(Recorded data)
== Segment start ==

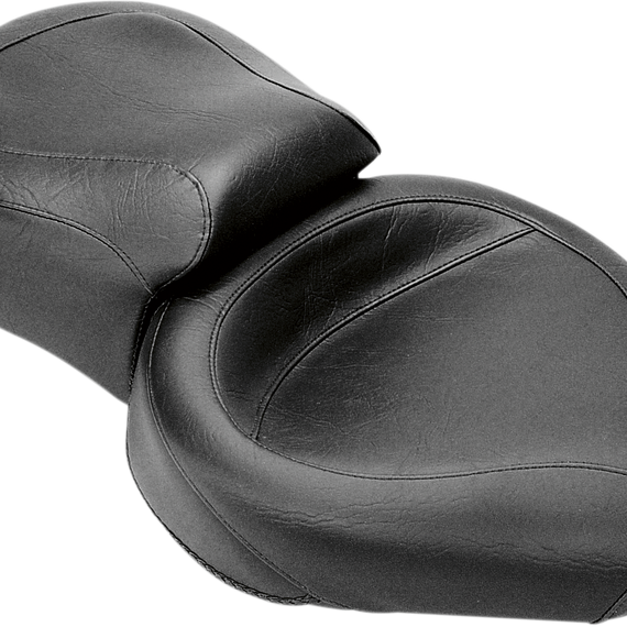 Caracteristicas: Front bucket is trimmed with a functional skirt that comes down over the frame and fender for a clean, uninterrupted look Vintage cover is made from highest quality expanded vinyl Passenger seat angles forward to support the rider's back Built on a single-piece steel base that fits like stock Made in the U.S.A.
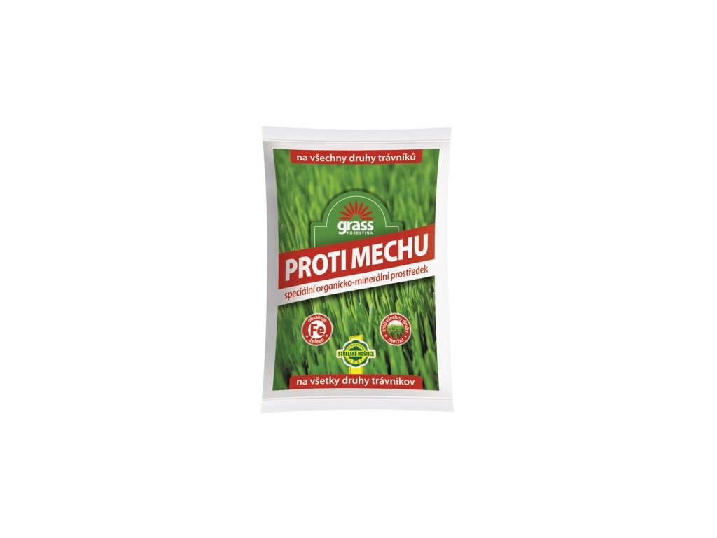 GRASS proti mechu je speciální organicko-minerální prostředek určený k údržbě trávníků s nežádoucím výskytem mechu. Důležitým prvkem obsaženým v přípravku je železo, které má hlavní zásluhu na vymizení mechu z trávníků. Jeho jedinečné složení a jemná granulace umožňují bezproblémovou, rovnoměrnou aplikaci. Přípravek se používá na jaře a dle potřeby se aplikace opakuje po 3-5 měsících.
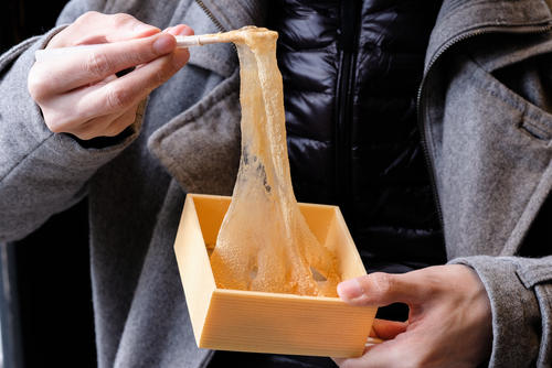 しかし、冷蔵保存したわらび餅は透明感が失われ、食感もナタデココのように固くなる。食べられないわけではないが、美味しさは欠けてしまうのだ。これはわらび餅に含まれるでんぷんの劣化が原因だ。でんぷんは加熱することで美味しく食べられる状態となる一方で、温度が下がると、固く、旨みがない状態になってしまう。でんぷんの老化現象ともいわれるこの状態を引き起こしてしまう冷蔵保存は、わらび餅の保存方法としてよいとは言えないだろう。
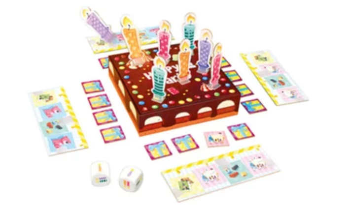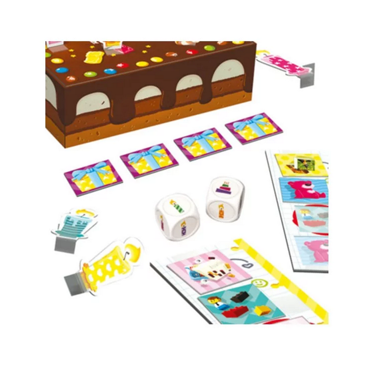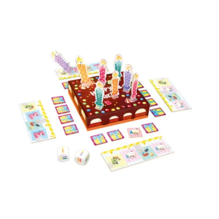 A son tour, il faut lancer les 2 dés puis souffler les bougies. Mais attention, seules les bougies de la couleur indiquée par les dés doivent être renversées ! Celui qui y parvient remporte un cadeau. Et si ce cadeau fait partie de sa liste de souhait, il peut le garder.
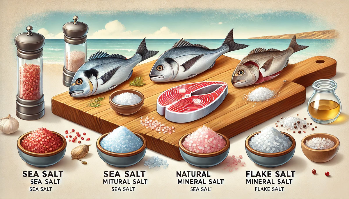 木製のまな板の上に新鮮な魚の切り身が並べられ、それぞれに適した塩(海塩、天然ミネラル塩、フレークソルト)が小皿に盛られて配置されたイラスト。背景には、海沿いのキッチンをイメージした柔らかな自然光が広がり、魚料理と塩の関係を表現したデザイン。
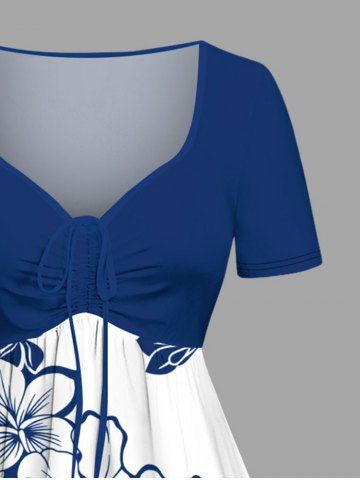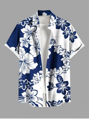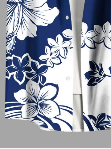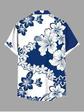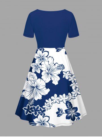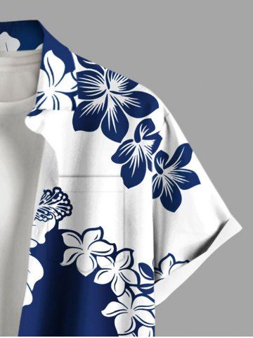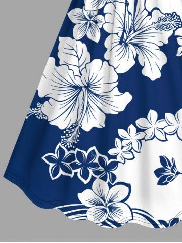 Two Tone Hibiscus Flowers Colorblock Print Plus Size Matching Hawaii Beach Outfit For Couples - Blue

== Segment end ==

▸ **Task directions**
Would you output only the span of the records above that opens with the line containing "GRASS proti mechu" and closes with the line containing "しかし、冷蔵保存したわらび餅", ends included and pictures dropped?

▸ **Output**
 GRASS proti mechu je speciální organicko-minerální prostředek určený k údržbě trávníků s nežádoucím výskytem mechu. Důležitým prvkem obsaženým v přípravku je železo, které má hlavní zásluhu na vymizení mechu z trávníků. Jeho jedinečné složení a jemná granulace umožňují bezproblémovou, rovnoměrnou aplikaci. Přípravek se používá na jaře a dle potřeby se aplikace opakuje po 3-5 měsících.
 しかし、冷蔵保存したわらび餅は透明感が失われ、食感もナタデココのように固くなる。食べられないわけではないが、美味しさは欠けてしまうのだ。これはわらび餅に含まれるでんぷんの劣化が原因だ。でんぷんは加熱することで美味しく食べられる状態となる一方で、温度が下がると、固く、旨みがない状態になってしまう。でんぷんの老化現象ともいわれるこの状態を引き起こしてしまう冷蔵保存は、わらび餅の保存方法としてよいとは言えないだろう。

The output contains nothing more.